■ Work to complete
Starting from the line that holds "Pictures are part", output exactly each line through the end of the listing. Do not copy pictures.

Task data section start

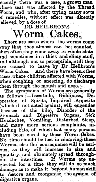 recently there was a case, a grown man tvhoae seat wai affected by the Thread Worm, and who, after trying many aorta remedies, without effect was directly relieved by a dose of . DR HEILBRON’S Worm Cakes. There are cases where the worms come away that; they almost can be i counted then often,they come away in wholeiclots and sometimes in,a thick and slimy stuff, and although not so perceptible^Still they are caused to leave by Dr Heilbron’s Worm Cakes. And there have been.other cases where children affected with-Worms, when coughing or sneezing, do discharge them through the mouth arid nose. ;. The symptoms of Worms are; generally as follows :—Lassitude, Giddiness, Depression of Spirits, Impaired Appetite (which if not acted against, will engender diseases of the bile), Disorder of the Stomach and Digestive Organs,, Sick Headaches, Vomiting, Disturbed Sleep, and many more serious complaints, including Fits, of which last many persons have been cured by these Worm Oakes. No time should be lost in removing,these Worms, else the consequence will be serious, as they will increase in size, and quantity, and ultimately spread throughout the intestines. If Worms are neglected for a time - they will do so'.much damage as to make it beyond human skill to restore and reorganise, the; system of digestive organs.
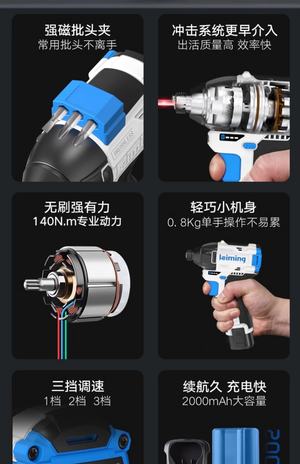 Lei Ming 140 소 브러시리스 충격 드라이버 LS132 대형 토크 전문 전기 배치 전기 드라이버 충전식스토어 가기
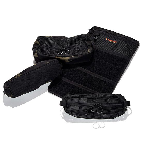 カトラリーや調理器具を入れ、クルッと巻いて収納できる、シェフズロールです。開いた状態でツールハンガーなどに吊して使うこともでき、必要な物をすぐに取り出せます。それぞれのバッグは取り外し可能で、単体でポーチとして使うこともできます。
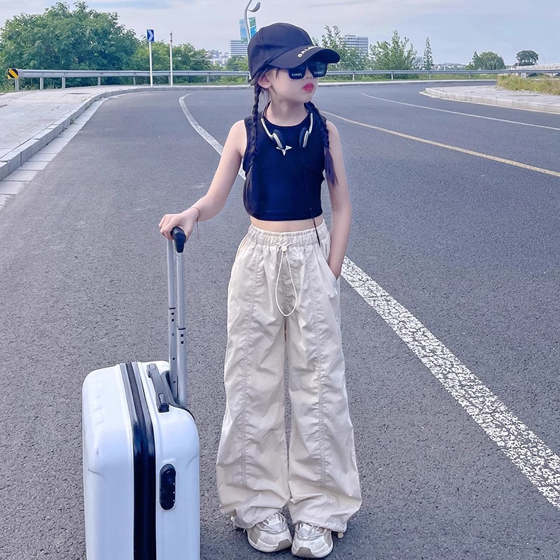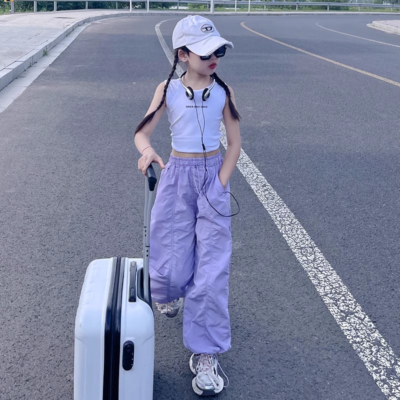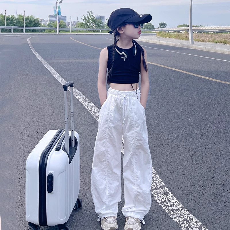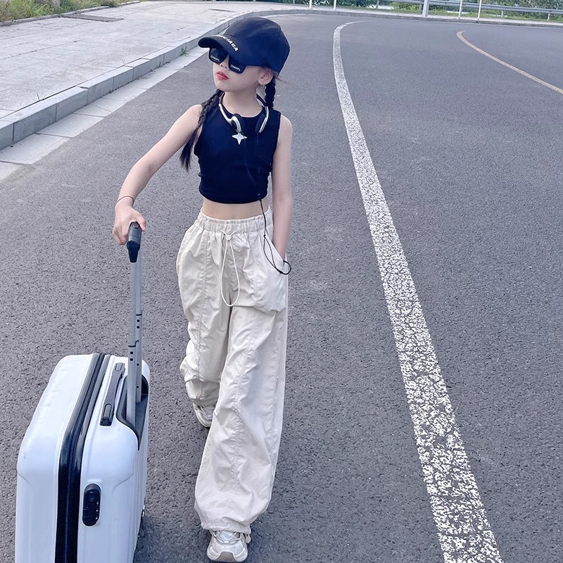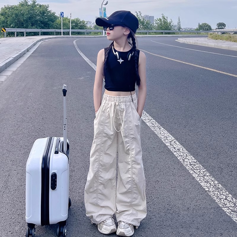 여자 캐주얼 바지 여름 2025 새로운 스타일 어린이 여름 착용 느슨한 스트레이트 튜브 아동복 작업복 긴 바지 아동복
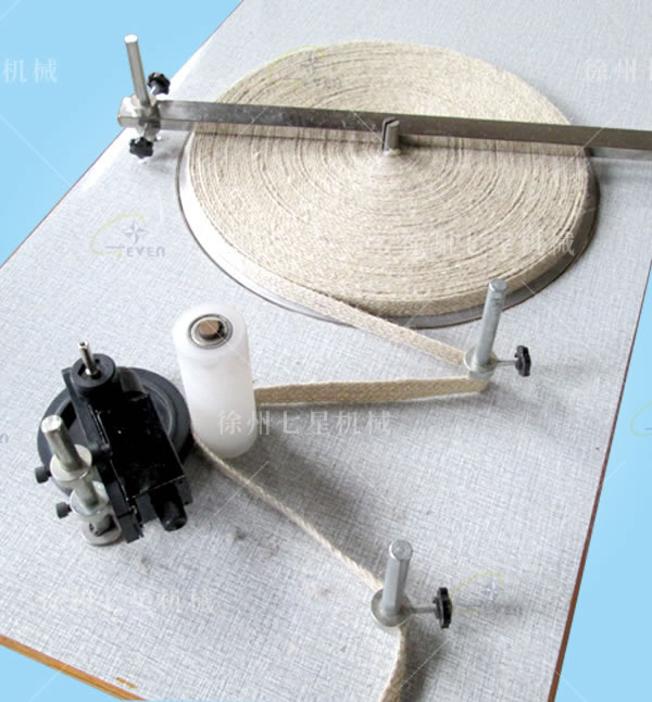 將經(jīng)好紗線之盤頭掛于紗架之上,將紗線依次通過分紗桿,斷紗停電裝置,棕絲片,織造頭調(diào)整所需緯密,工藝安排為花鏈片排列出三一空心組織,使用四列棕框,穿紗依次為1234循環(huán)穿好緯紗,調(diào)整機(jī)器開口時(shí)間,啟動(dòng)機(jī)器開關(guān)即可開始織造。
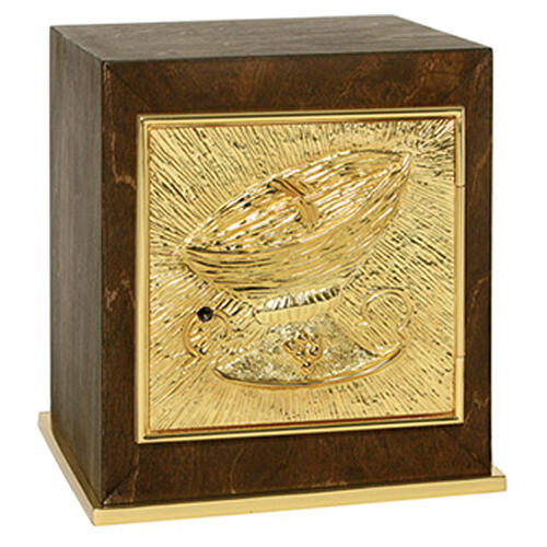 This tabernacle combines a mahogany wooden body with a gilded brass base and door, designed for use on the Eucharistic altar. The front door is decorated with a chalice and a bread basket, Eucharistic symbols that link the wine to the Body of Christ. The interior is illuminated and internal dimensions are 6.1x6.1 in with gilded brass inner panels.
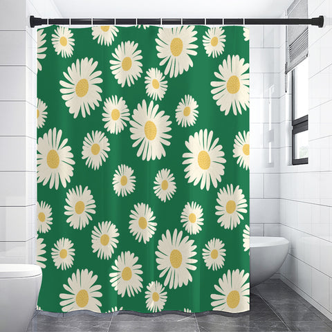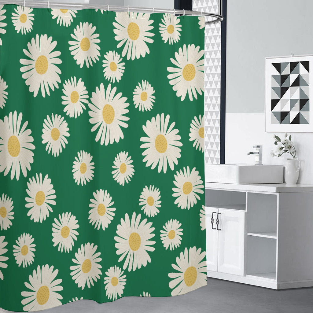 Daisy 70s Retro Shower Curtain, Midcentury Green White Yellow Bathroom Accent
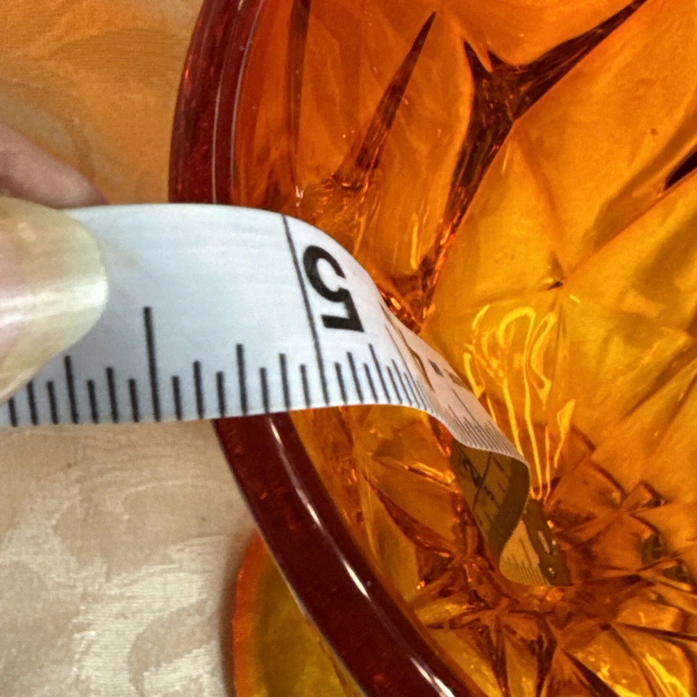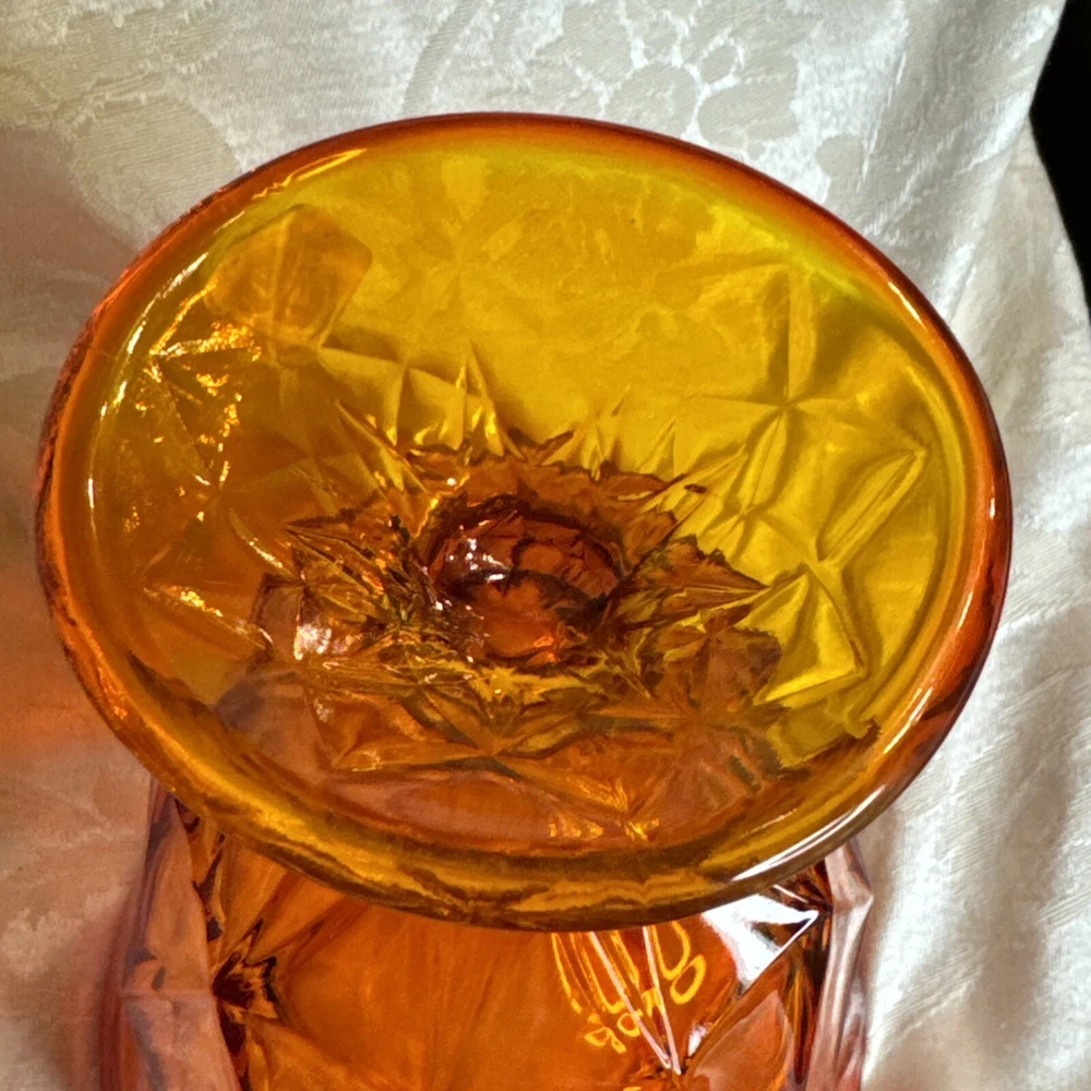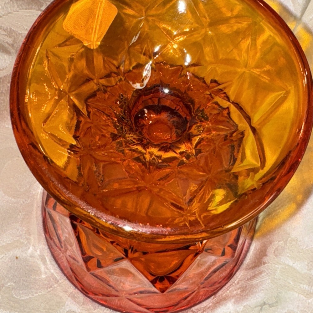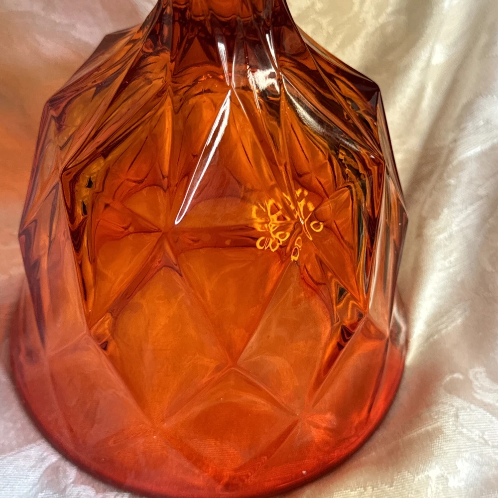 Pictures are part of description. Please ask questions needs a little more cleaning. I see some dripped wax beautifully colored orange persimmon Viking sticker on glass no chips or dings excellent shape for age.
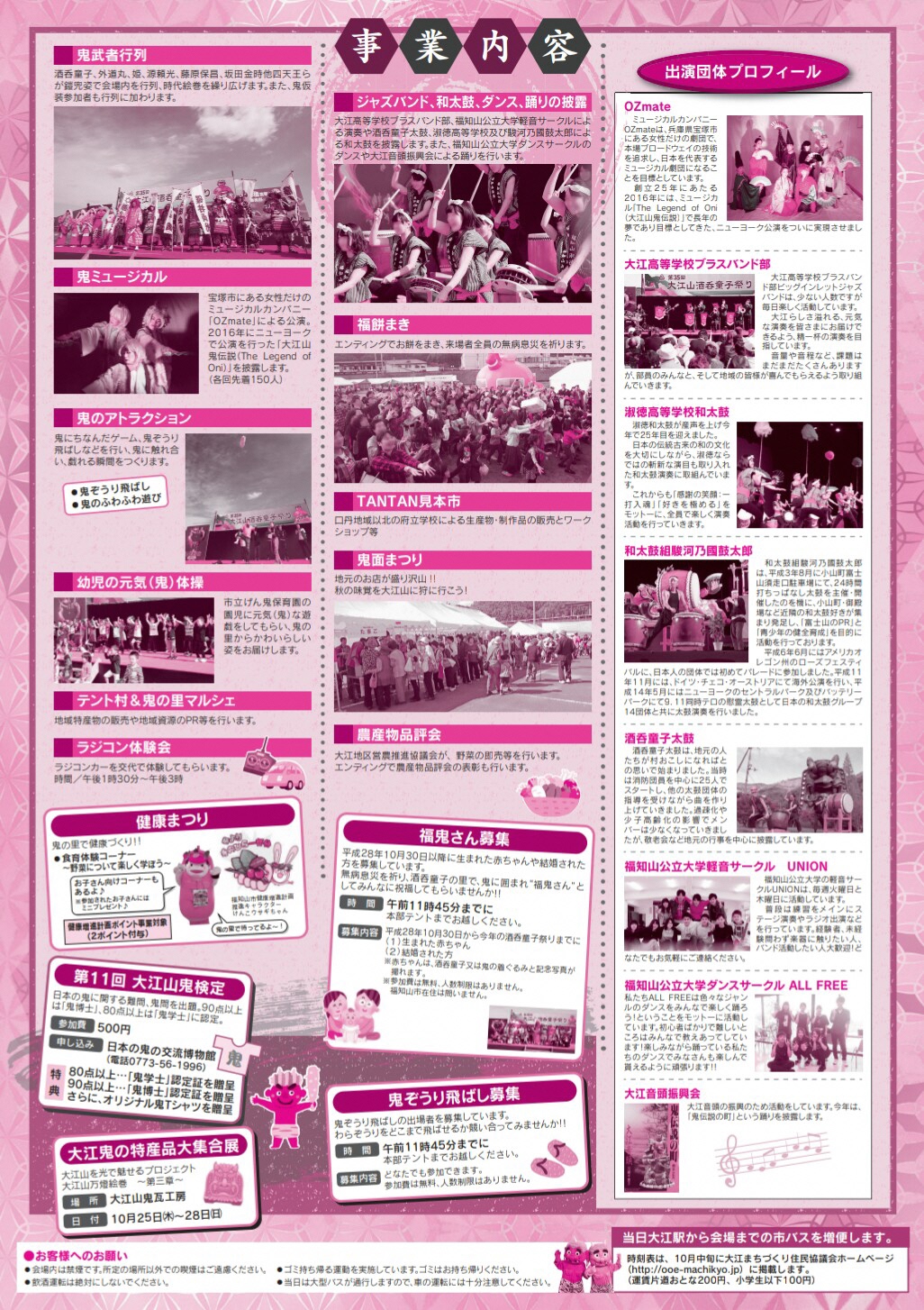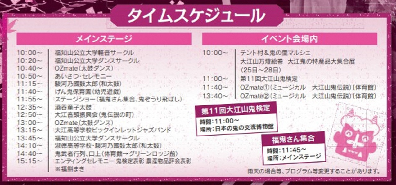 鬼伝説で有名な「大江山」を舞台に、鬼退治をした源頼光をはじめとする武者行列、日本唯一の「鬼」をテーマにした「大江山鬼検定」など様々な催しが行われます。

Task data section end

■ Problem solution
 Pictures are part of description. Please ask questions needs a little more cleaning. I see some dripped wax beautifully colored orange persimmon Viking sticker on glass no chips or dings excellent shape for age.
 鬼伝説で有名な「大江山」を舞台に、鬼退治をした源頼光をはじめとする武者行列、日本唯一の「鬼」をテーマにした「大江山鬼検定」など様々な催しが行われます。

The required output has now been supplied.